The Cascadia fault is what is known as a subduction zone. Subduction exists around the Pacific Rim and other parts of the globe. It happens because the ocean floor is made up of crustal plates, ocean plates that are forced underneath the continental plates. Often, like in the Pacific Northwest, those plates are locked together. When enough pressure builds up, the plates suddenly slip past each other creating the earthquake and usually a large tsunami.
Scientists expect the next quake on the Cascadia Subduction Zone to reach a magnitude 9.0 or more and could last more than five minutes.
It’s the pattern of this locking that is at the core of the University of Oregon research. It’s not the same everywhere, it’s in three distinct segments.
“It’s important for your viewers to realize that this is not news that says it’s worse than we thought it was, but it’s simply to understand how it’s split up into three segments and why some segments are more locked than others,” said Toomey.
That may indicate where the rupture might be more likely to begin, at the northern end along Washington’s coast, or the southern end between Cape Mendocino, California where the fault begins and off southwestern Oregon, areas where the research has found more locking between the plates.
One question raised by the research -- would the entire length of the fault unzip in one giant earthquake, or would different segments rupture independently, years apart…a theory called a “decade of terror?”

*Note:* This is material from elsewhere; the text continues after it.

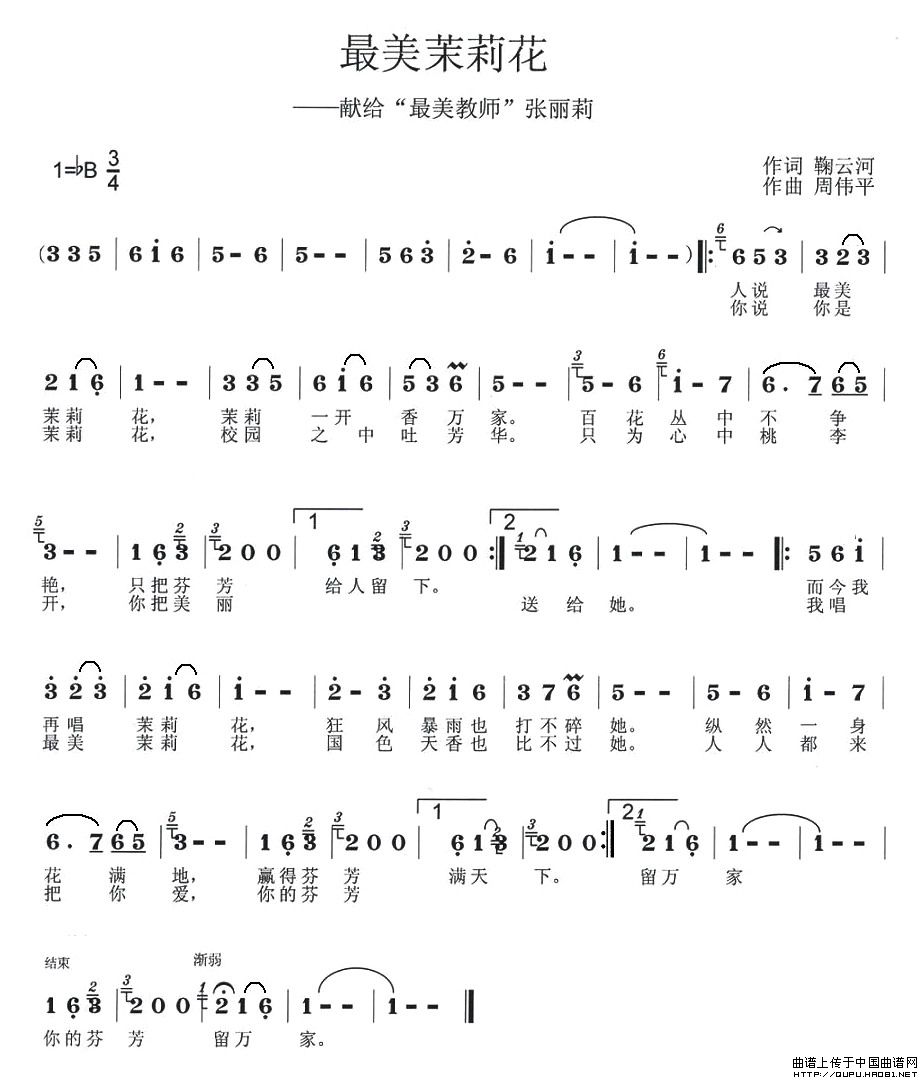 关于《最美茉莉花——献给“最美教师”张丽莉》曲谱的评论

“We don’t know if it goes in one, two or three segments,” said Toomey. “And what our research shows is why there are three segments there. And whether it’s a decade of terror or one segment that goes, we don’t know the answer to that yet.”

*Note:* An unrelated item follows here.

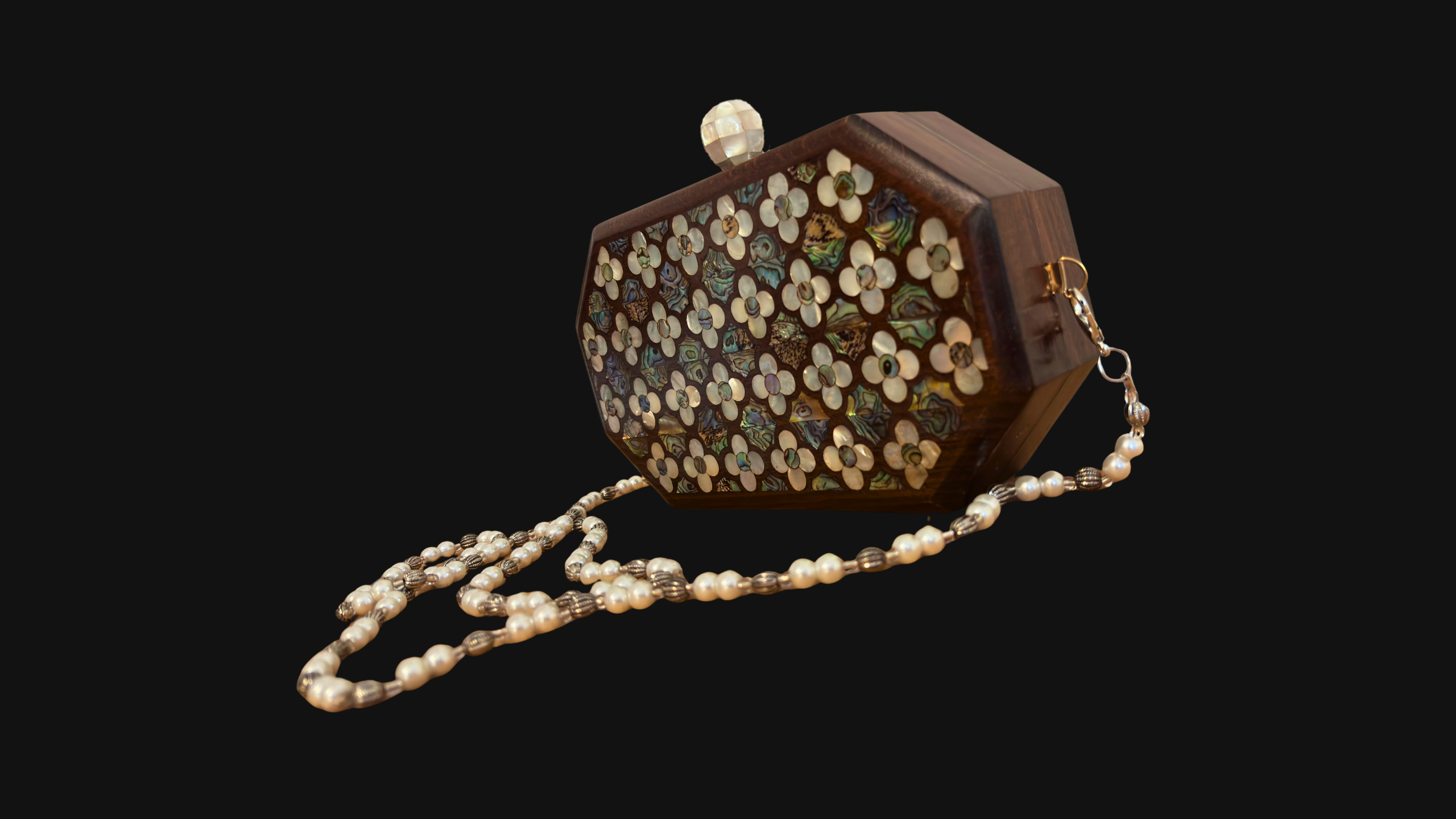 Jouri – Luxe Damascene Clutch met Roze Parelmoer & Parelketting

Toomey advocates for a permanent network of seismometers on the continental shelf to watch under the ocean, as seismometers and GPS stations do on land, the movement of the various plates.
He said a more complete picture of plate movement could give scientists a much better idea of just when a quake becomes more likely, and contribute to the new ShakeAlert earthquake early warning system; which could provide minutes of notification to inland areas when a quake starts and how quickly the shaking will arrive.